China criticises Taiwan over telephone fraud case
China has criticised Taiwan for releasing 20 people suspected of being involved in a telephone fraud case linked to mainland China.
They were part of a group of Taiwanese nationals arrested in Malaysia and deported to Taiwan.
China said it wanted to prosecute them, but Taiwanese officials said there was insufficient evidence.
Taiwan has protested after Kenya deported to China 45 Taiwanese nationals accused of the same crime.
The latest case began in Malaysia, which last month arrested 119 people suspected of being involved in a number of telephone scams. Just over half the suspects were from China, and more than 50 were from Taiwan.
China's Xinhua state news agency said the fraudsters pretended to be law enforcement officers in order to extort money from their victims, many of them from mainland China.
China wanted them returned, saying its people had been defrauded. Taiwan said they were its citizens and so should be sent home.
A batch of 20 Taiwanese suspects were eventually sent to Taiwan - and immediately released.
The Taiwanese authorities said there was not enough evidence to prosecute, although they said they had asked China to provide information.
Beijing reacted angrily.
"By releasing the suspects, [the] Taiwan authorities disregarded many victims' interests and harmed them a second time," a spokesman for the Taiwan Affairs Office - China's Taiwan policy body - was quoted by Xinhua as saying.
He said Taiwan should seriously pursue wrongdoers.
About 30 Taiwanese suspects involved in this case are still in Malaysia awaiting a decision on where they should be deported to.

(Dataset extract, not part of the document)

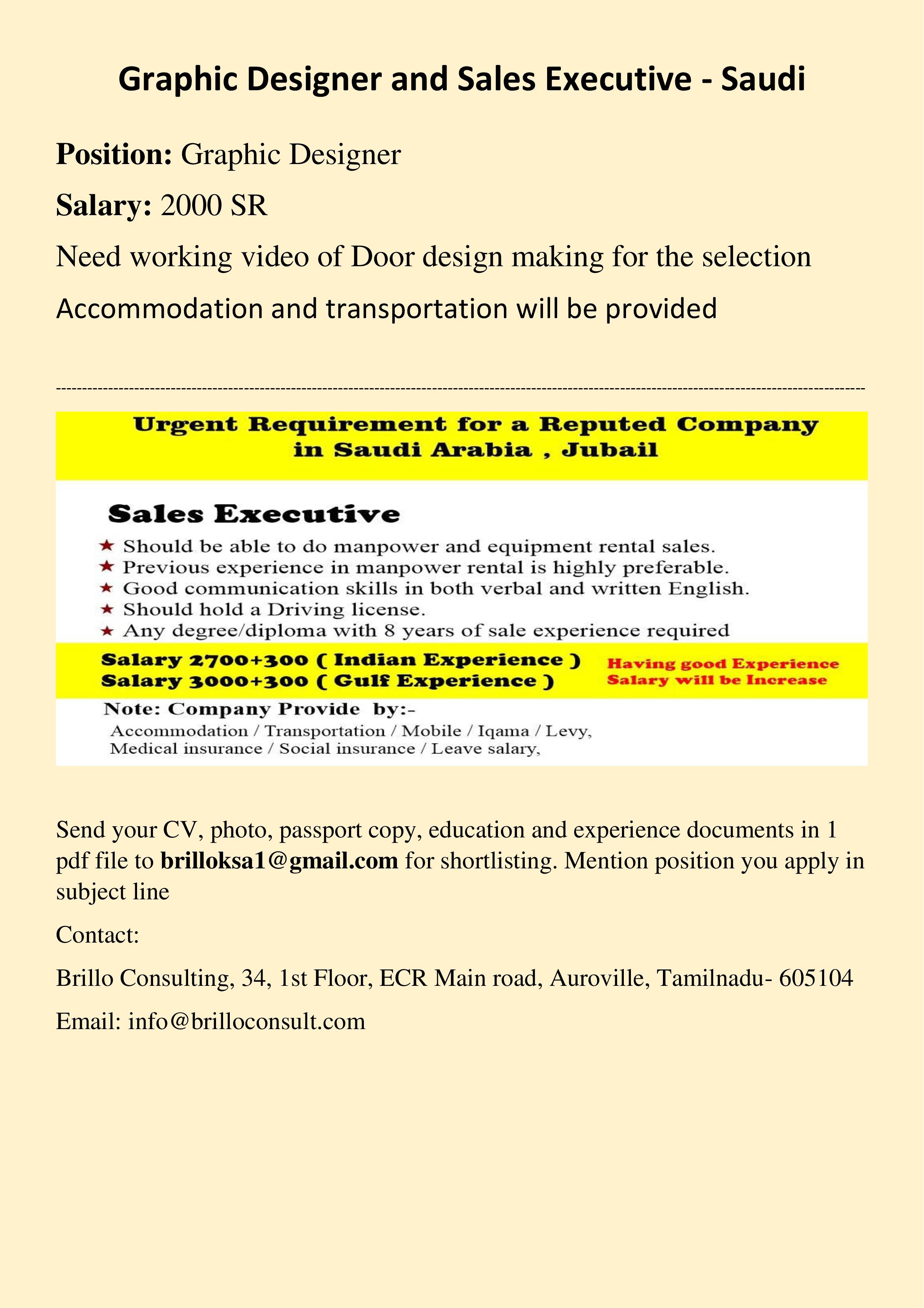 Graphic Designer & Sales executive jobs in Saudi Arabia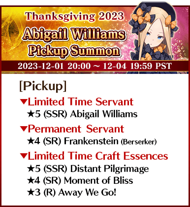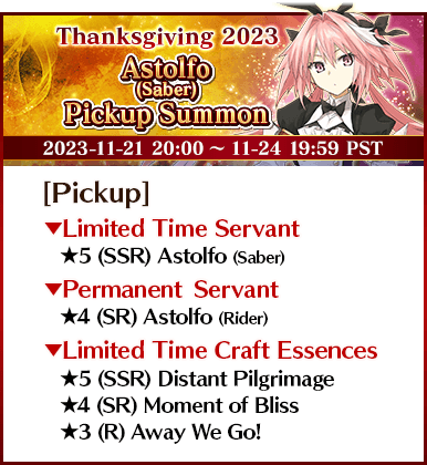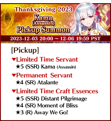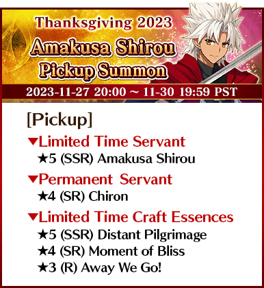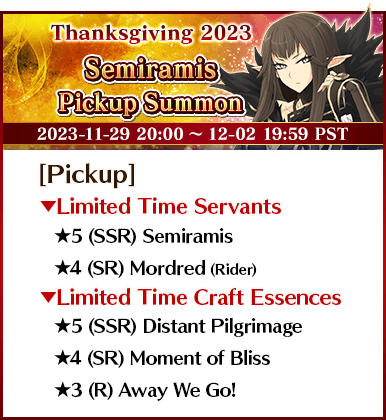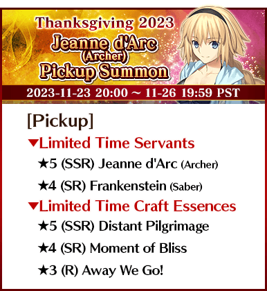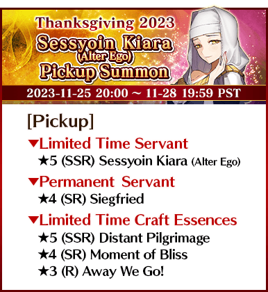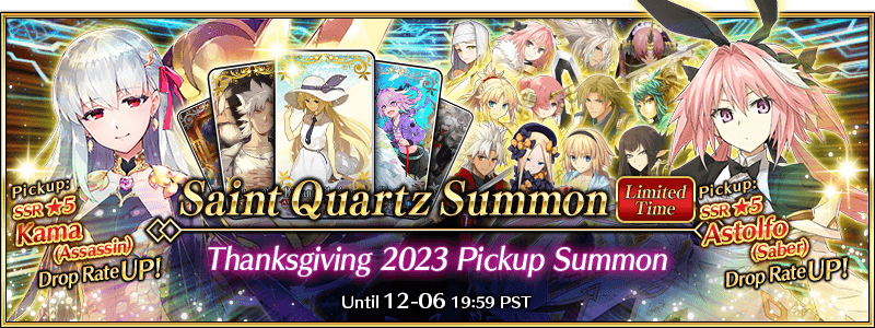 To celebrate "The FGO Thanksgiving Special 2023", 14 Servants, including nine Limited Time Servants, and three Limited Time Craft Essences will be available for Pickup in seven Pickup Summons!

Chinese authorities have said they have jurisdiction over the group of Taiwanese who were deported from Kenya.
State council and security officials said the Taiwanese were part of a telecoms fraud ring who cost mainland victims billions of yuan.
Taiwan said they were forced on board a plane by Kenyan police wielding rifles and tear gas.
It said the deportation amounted to "extrajudicial abduction" and called for the group's release.
But China has said some of these suspects have already admitted what they have done.
China also praised Kenya for supporting its "one-China policy".
Beijing views Taiwan - self-ruling since 1950 - as a breakaway region that must be reunited with the mainland.
It insists that other countries cannot recognise both China and Taiwan, with the result that Taiwan has formal diplomatic ties with only a few countries. Taiwan does not have formal diplomatic relations with Kenya or Malaysia.